We achieved a definitive diagnosis of stent infection by combining the results of the culture of the pus secretions, CTA, and ultrasound. The following points were considered. First, the patient had no underlying disease and could tolerate surgery. Second, the patient had undergone two previous neck operations, and the infection was severe because of exposure of the stent to the environment through the sinus tract. Third, long-term stent infections cannot be cured through conservative treatments. Finally, the patient had experienced a long disease course and had a strong desire to eradicate the infection. Therefore, surgical treatment was the best method.

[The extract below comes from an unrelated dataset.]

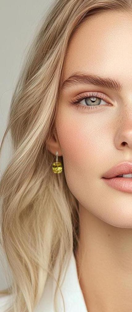 ** The earrings showcased on the model offer a visual reference for their size and proportions.
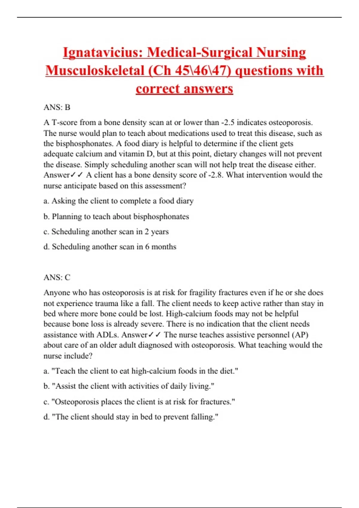 ANS: B A T-score from a bone density scan at or lower than -2.5 indicates osteoporosis. The nurse would plan to teach about medications used to treat this disease, such as the bisphosphonates. A food diary is helpful to determine if the client gets adequate calcium and vitamin D, but at this point, dietary changes will not prevent the disease. Simply scheduling another scan will not help treat the disease either. Answer A client has a bone density score of -2.8. What intervention would the nurse anticipate based on this assessment? a. Asking the client to complete a food diary b. Planning to teach about bisphosphonates c. Scheduling another scan in 2 years d. Scheduling another scan in 6 months ANS: C Anyone who has osteoporosis is at risk for fragility fractures even if he or she does not experience trauma like a fall. The client needs to keep active rather than stay in bed where more bone could be lost. High-calcium foods may not be helpful because bone loss is already severe. There is no indication that the client needs assistance with ADLs. Answer The nurse teaches assistive personnel (AP) about care of an older adult diagnosed with osteoporosis. What teaching would the nurse include? a. "Teach the client to eat high-calcium foods in the diet." b. "Assist the client with activities of daily living." c. "Osteoporosis places the client is at risk for fractures." d. "The client should stay in bed to prevent fal

In general, infection of carotid artery stents and vascular grafts is relatively rare. Such infections increase patients’ disability rate and endanger their lives. Perioperative sterility is important to prevent infection. If infection does occur, early identification and treatment can prevent fatal consequences. For Szilagyi grade III infections, removal of the infected graft and autologous venous reconstruction combined with low negative-pressure wound therapy and sensitive antibiotic therapy are effective treatment methods. In addition, individualized treatment plans should be formulated depending upon the grade of the vascular graft infection.